Bug 877978

Summary: engine: we are able to create live snapshot and suspend vm
Product: Red Hat Enterprise Virtualization Manager Reporter: Dafna Ron <dron>
Component: ovirt-engineAssignee: Maor <mlipchuk>
Status: CLOSED CURRENTRELEASE QA Contact: Dafna Ron <dron>
Severity: high Docs Contact:
Priority: high    
Version: 3.1.0CC: abaron, amureini, dyasny, hateya, iheim, italkohe, lpeer, Rhev-m-bugs, sgrinber, yeylon, ykaul
Target Milestone: ---Keywords: ZStream
Target Release: 3.2.0   
Hardware: x86_64   
OS: Linux   
Whiteboard: storage
Fixed In Version: sf5 Doc Type: Bug Fix
Doc Text:
Cause: Race between live snapshot and VM hibernate, cause results which might be undefined. Fix: The proposed fix is adding hibernateVM lock on the VM to avoid this behaviour.
Story Points: ---
Clone Of:
: 902484 (view as bug list) Environment:
Last Closed: Type: Bug
Regression: --- Mount Type: ---
Documentation: --- CRM:
Verified Versions: Category: ---
oVirt Team: Storage RHEL 7.3 requirements from Atomic Host:
Cloudforms Team: --- Target Upstream Version:
Embargoed:
Bug Depends On:    
Bug Blocks: 902484, 915537    
Attachments:
Description Flags
logs none

Description Dafna Ron 2012-11-19 11:07:37 UTC
Created attachment 647695 [details]
logs

Description of problem:

engine does not lock the vm right away which allowed me to create a live snapshot and move the vm to hibernate at the same time. 
once that happens it appears that both actions succeeded but if we try to create a second snapshot we get the following error in vdsm: 

Thread-299::ERROR::2012-11-19 12:49:18,041::libvirtvm::1812::vm.Vm::(snapshot) vmId=`10796f9e-6b75-43fa-984a-bcdd4f6d562f`::The base volume doesn't exist: {'device': 'disk', 'domainID': '59022168-9350-41d1-9e6f-5ef87b6bcd42', 'volumeID': '9ddcecc2-5560-442a-9ac9-eb2be49e7112', 'imageID': 'c2a9831d-cb22-45a5-bffa-622d43d27d53'}

Version-Release number of selected component (if applicable):

si24.2
vdsm-cli-4.9.6-43.0.el6_3.noarch

How reproducible:

100%

Steps to Reproduce:
1. create and run a vm
2. create live snapshot -> hibernate the vm
3. run the vm -> try to create a second snpahsot
  
Actual results:

both actions appear to succeed. but if we try to create a second snapshot we get error from vdsm 

Expected results:

we should fail to hibernate the vm once we started a snapshot

Additional info:logs


this is the vm: 

[root@gold-vdsd ~]# vdsClient -s 0 list table
10796f9e-6b75-43fa-984a-bcdd4f6d562f   4297  RHEL_Clone           Up    

please note that it was running on hsm and the error is on the hsm log and not the spm log

Comment 4 Maor 2013-01-21 17:13:46 UTC
The proposed fix was to add locks when hibernate a VM and when creating a snapshot.

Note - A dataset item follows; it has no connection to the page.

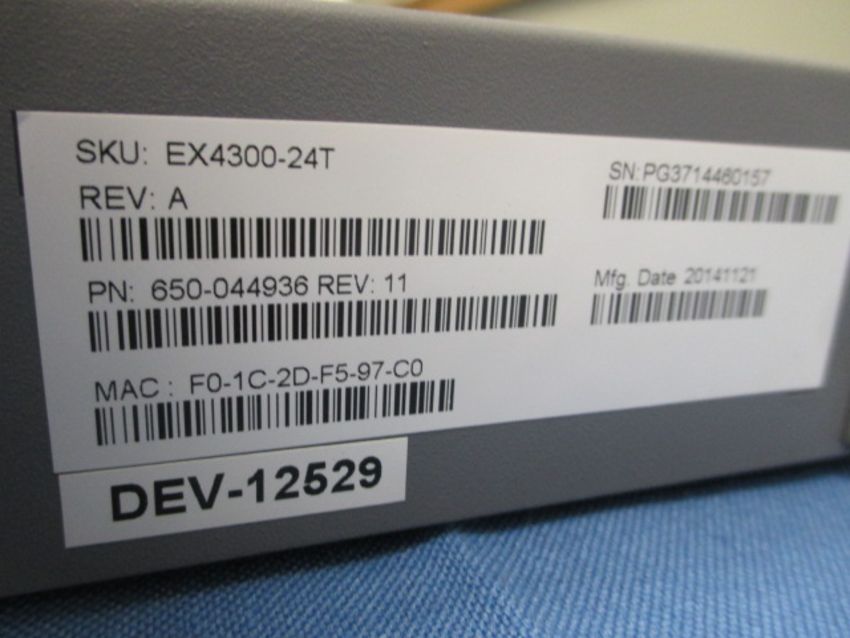 Juniper Networks EX4300-24T 24-Port 10/100/1000BASE-T Gigabit Ethernet Switch with 611-044925 4-Port 1GbE/10GbE SFP+ Uplink Module and Dual DC Power Supplies; fixed-configuration platform for a variety of high-performance campus and data center access. S/N: PG3714460157. HIT# 2317346. Loc: Back Office, East. Asset Located at 3350 Eastbrook Drive, Fort Collins, CO 80525. *Payment by Wire Transfer is Due 48 Hours After Close of Sale.*

There is another issue which I encountered, that when the VM was already at hibernate state I tried to create a snapshot, and when the VM was Up again after hibernation the VM disks were still running upon the original volume and not the new created one.

I suspect that the VDSM exception origin was from that issue,
although I tried to reproduce it, but all worked fine for me (accept the bug I encountered).

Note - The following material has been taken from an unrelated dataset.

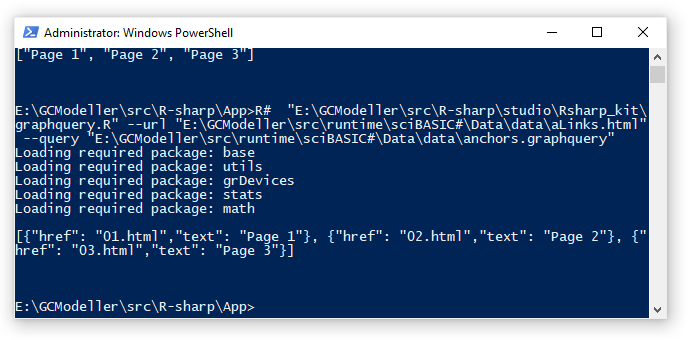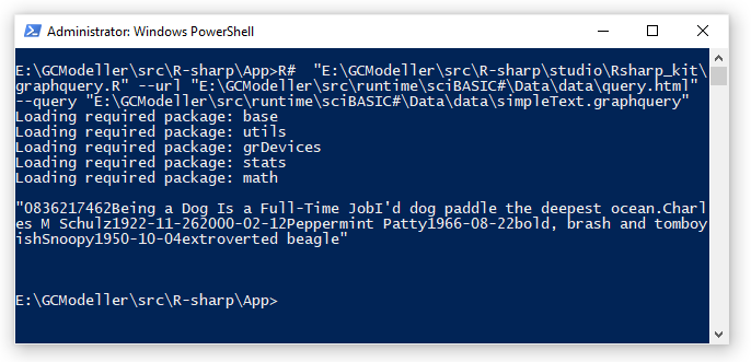 可以看到,在上面的R#脚本代码之中,我们最开始先执行一个http请求得到目标文档,然后解析为DOM文档树,最后在这个DOM文档树的基础上执行GraphQuery文本查询

I think that this bug should be split to two,
one for the race between create snapshot and hibernate
and the other on run VM after a snapshot was created while it was suspended.
What do you think?

Comment 5 Ayal Baron 2013-01-21 18:30:26 UTC
(In reply to comment #4)
> The proposed fix was to add locks when hibernate a VM and when creating a
> snapshot.
> 
> There is another issue which I encountered, that when the VM was already at
> hibernate state I tried to create a snapshot, and when the VM was Up again
> after hibernation the VM disks were still running upon the original volume
> and not the new created one.
> 
> I suspect that the VDSM exception origin was from that issue,
> although I tried to reproduce it, but all worked fine for me (accept the bug
> I encountered).
> 
> I think that this bug should be split to two,
> one for the race between create snapshot and hibernate

Ack.

> and the other on run VM after a snapshot was created while it was suspended.
> What do you think?

Is this reproducible? if so then please file a bug.

Comment 9 Dafna Ron 2013-02-05 13:41:56 UTC
verified that lock exists on sf5

Comment 11 Itamar Heim 2013-06-11 08:48:48 UTC
3.2 has been released

Comment 12 Itamar Heim 2013-06-11 08:48:48 UTC
3.2 has been released

Comment 13 Itamar Heim 2013-06-11 08:49:11 UTC
3.2 has been released

Comment 14 Itamar Heim 2013-06-11 08:53:46 UTC
3.2 has been released

Comment 15 Itamar Heim 2013-06-11 09:24:24 UTC
3.2 has been released